Resolution 5: Improve your routines

Most parents love routines because they create structure and predictability for the family. But we sometimes become so attached to our routines that we don’t notice when they’re no longer working for us. If you find yourself constantly harping at your kids to perform basic tasks, try creating a series of “when-then” routines. For example, when you’ve gotten dressed and brushed your teeth, then you can play with your toys before school. When you’ve done your homework, then you can go outside and play.

How to make it stick: Introduce a routine chart for each child’s daily tasks (make bed, get dressed, brush teeth, clear table, tidy toys, etc.) and display it where they can easily see it. You can then use it as visual support for your “when-then” routines by saying, “When you’ve ticked these boxes, then you can jump on the trampoline.”

Resolution 6: Lighten your load

Are you constantly running from one activity to the next and barking at your kids to hurry up? You’re not alone. We live in an overscheduled world where busyness is highly valued because we equate it with success. But as Australian psychologist and parent educator Steve Biddulph wrote in his book Raising Girls, “Our babies are Stone Age babies, and modern madness does not serve them well.”

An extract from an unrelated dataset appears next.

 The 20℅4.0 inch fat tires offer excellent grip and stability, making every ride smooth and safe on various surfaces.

Resolve to schedule fewer after-school activities and social engagements this year. Drop the PTA if it’s too much. No one will judge you if you say you’re not baking cookies for the bake sale because you want to spend more quality time with your kids.

How to make it stick: Drop one small task from your to-do list each day – even if it’s just neglecting the pile of laundry that needs to be folded to hang out with your kids.

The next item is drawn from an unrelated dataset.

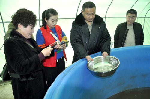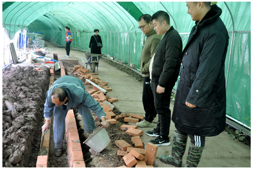 图为:村上正在建设支柱产业花鱼鳅的饲养基地。

Resolution 7: Practice self-care

You’ll be a calmer and happier parent if you take care of yourself by getting enough sleep, exercise, healthy food and downtime. Write out a self-care plan that’s both realistic and effective when it comes to keeping you happy and sane. It might be three yoga sessions, two coffee dates with friends and only two candy bars per week.

How to make it stick: At the beginning of each week, schedule your self-care activities and put them in your calendar. Set reminders for each morning so that you don’t have any excuses to skip them.

Resolution 8: Be healthier

Your whole family will benefit from eating a healthier diet and getting more exercise. Ask each family member to nominate one healthy meal and one physical activity they enjoy. Create a schedule of meals and active outings for the week, such as Monday: Walk the dog/Chicken stir fry. Tuesday: Swimming/Vegetarian lasagna. You’re allowed two cheat meals and two rest days per week

How to make it stick: Post the weekly schedule on the fridge and impose penalties ($1 paid into a jar or a tickle session) for those who don’t stick to it.